Banking Licence Application Process in Denmark
To obtain a banking licence in Denmark, applicants must submit a written application to the Financial Supervisory Authority (FSA). The process is thorough and requires a significant amount of documentation.
Application Requirements
According to industry experts at Carsted Rosenberg Advokatfirma, the application should cover various aspects, including:
- Articles of association and minutes from the incorporation
- Information about share capital and evidence that it has been fully paid-in
- Opening balance sheet and budgets for the first three years
- Business model and plan
- IT structure and statements from the applicant accountant
- Rules of procedure for the board of directors and management instruction
- Written procedures for relevant activities, risk management, conflicts of interest, internal controls, IT security, proposed auditor, timetable for application and commencement of permitted activities, and fit and proper applications for the board of directors, management, and shareholders with a qualifying interest
Processing Time
The FSA has six months to process the application, provided it contains all necessary information and documentation. If any information is missing, the deadline will be postponed until all required documents are submitted.

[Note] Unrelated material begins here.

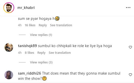 दूसरे यूजर ने लिखा, 'एकता उसे धरमपत्नी में चाहती थी, लेकिन उसने बिग बॉस चुन लिया। अब वह उसे नागिन में लाना चाहती है'। अन्य यूजर ने लिखा, 'नागिन सुम्बुल की पर्सनैलिटी से बिलकुल भी मैच नहीं होता'।
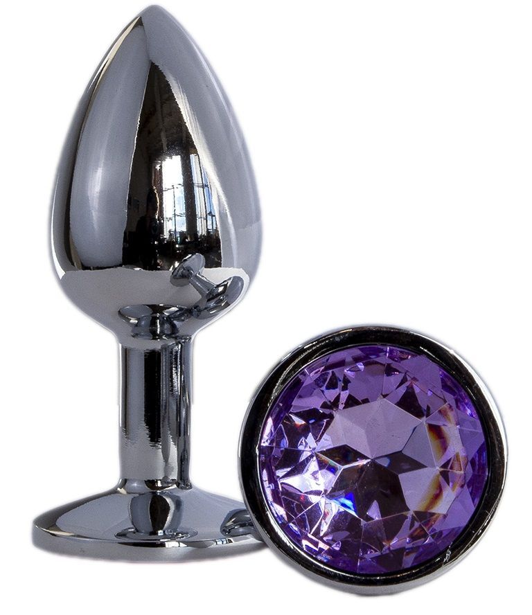 Металлическая анальная втулка с сиреневым кристаллом - 7,2 см.

Regulatory Capital and Liquidity
Denmark’s banking system is typically funded through a combination of share capital supplemented by various forms of tier 2 capital. The minimum capital requirement for banks in Denmark is a paid-in share capital of €5 million. Additionally, the board of directors and management must ensure that the bank holds sufficient capital to cover its risks.
Supervision of Banking Groups
Banking groups are supervised on a consolidated basis in accordance with the Financial Business Act and the Capital Requirements Regulation. If the parent company is located in another EU/EEA country, the Danish FSA will primarily supervise the Danish branch or subsidiary and assist the home- state regulator in overall supervision.
Systemically Important Banks
Systemically important financial institutions (SIFIs) and global systemic important financial institutions (G-SIFIs) are subject to a special regulatory regime set out in Chapter 19 of the Financial Business Act. This includes requirements such as:
- Maintaining a specific SIFI capital buffer
- Identifying key personnel
- Establishing committees on remuneration, nomination, and risk
- Limiting board and management positions
- Restrictions on bonus schemes and variable remuneration
Central Bank Role
The Danish central bank (Nationalbanken) plays a crucial role in ensuring stable prices, safe payments, and a stable financial system. It achieves this by:
- Committing to a fixed exchange rate policy vis-à-vis the euro
- Acting as a banker for all Danish banks
- Overseeing and assessing financial stability in Denmark
Activities
The Danish banking sector is subject to various regulations, including those related to:
- Mortgage lending
- Consumer credit
- Investment services
- Payment services and e-money
For instance, mortgage credit institutions are regulated by the Financial Business Act, while consumer credit is governed by the Credit Agreement Act.